Start of RECORDS FOR THE TASK

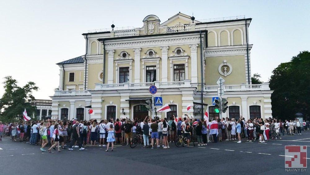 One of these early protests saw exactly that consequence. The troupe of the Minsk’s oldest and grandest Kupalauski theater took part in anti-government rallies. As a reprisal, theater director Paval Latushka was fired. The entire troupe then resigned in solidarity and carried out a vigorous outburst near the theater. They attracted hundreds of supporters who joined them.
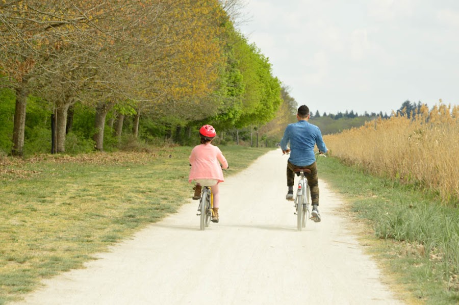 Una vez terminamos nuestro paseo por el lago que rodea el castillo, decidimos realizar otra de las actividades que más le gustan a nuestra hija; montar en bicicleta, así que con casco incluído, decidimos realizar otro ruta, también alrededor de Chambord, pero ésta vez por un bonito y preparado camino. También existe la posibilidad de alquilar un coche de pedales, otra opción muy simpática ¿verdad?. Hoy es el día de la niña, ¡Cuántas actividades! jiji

End of RECORDS FOR THE TASK
Start of RECORDS FOR THE TASK

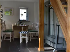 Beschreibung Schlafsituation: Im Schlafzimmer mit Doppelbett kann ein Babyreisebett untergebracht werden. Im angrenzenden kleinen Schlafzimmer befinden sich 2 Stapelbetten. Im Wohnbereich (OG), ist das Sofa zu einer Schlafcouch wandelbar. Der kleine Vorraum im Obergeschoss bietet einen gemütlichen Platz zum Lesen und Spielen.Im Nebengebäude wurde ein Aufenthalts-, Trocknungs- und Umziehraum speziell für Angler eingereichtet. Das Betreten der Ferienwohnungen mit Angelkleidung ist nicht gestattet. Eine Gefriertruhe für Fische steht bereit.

End of RECORDS FOR THE TASK
Start of RECORDS FOR THE TASK

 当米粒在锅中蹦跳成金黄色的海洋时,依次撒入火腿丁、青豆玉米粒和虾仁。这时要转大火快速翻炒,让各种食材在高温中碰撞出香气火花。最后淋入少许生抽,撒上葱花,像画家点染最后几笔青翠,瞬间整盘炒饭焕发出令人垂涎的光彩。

End of RECORDS FOR THE TASK

**TASK TO COMPLETE**
Within the listing above, write out the stretch from the line with "One of these" through the line with "Una vez terminamos" exactly. Any pictures are to be left out.

**PROBLEM SOLUTION**
 One of these early protests saw exactly that consequence. The troupe of the Minsk’s oldest and grandest Kupalauski theater took part in anti-government rallies. As a reprisal, theater director Paval Latushka was fired. The entire troupe then resigned in solidarity and carried out a vigorous outburst near the theater. They attracted hundreds of supporters who joined them.
 Una vez terminamos nuestro paseo por el lago que rodea el castillo, decidimos realizar otra de las actividades que más le gustan a nuestra hija; montar en bicicleta, así que con casco incluído, decidimos realizar otro ruta, también alrededor de Chambord, pero ésta vez por un bonito y preparado camino. También existe la posibilidad de alquilar un coche de pedales, otra opción muy simpática ¿verdad?. Hoy es el día de la niña, ¡Cuántas actividades! jiji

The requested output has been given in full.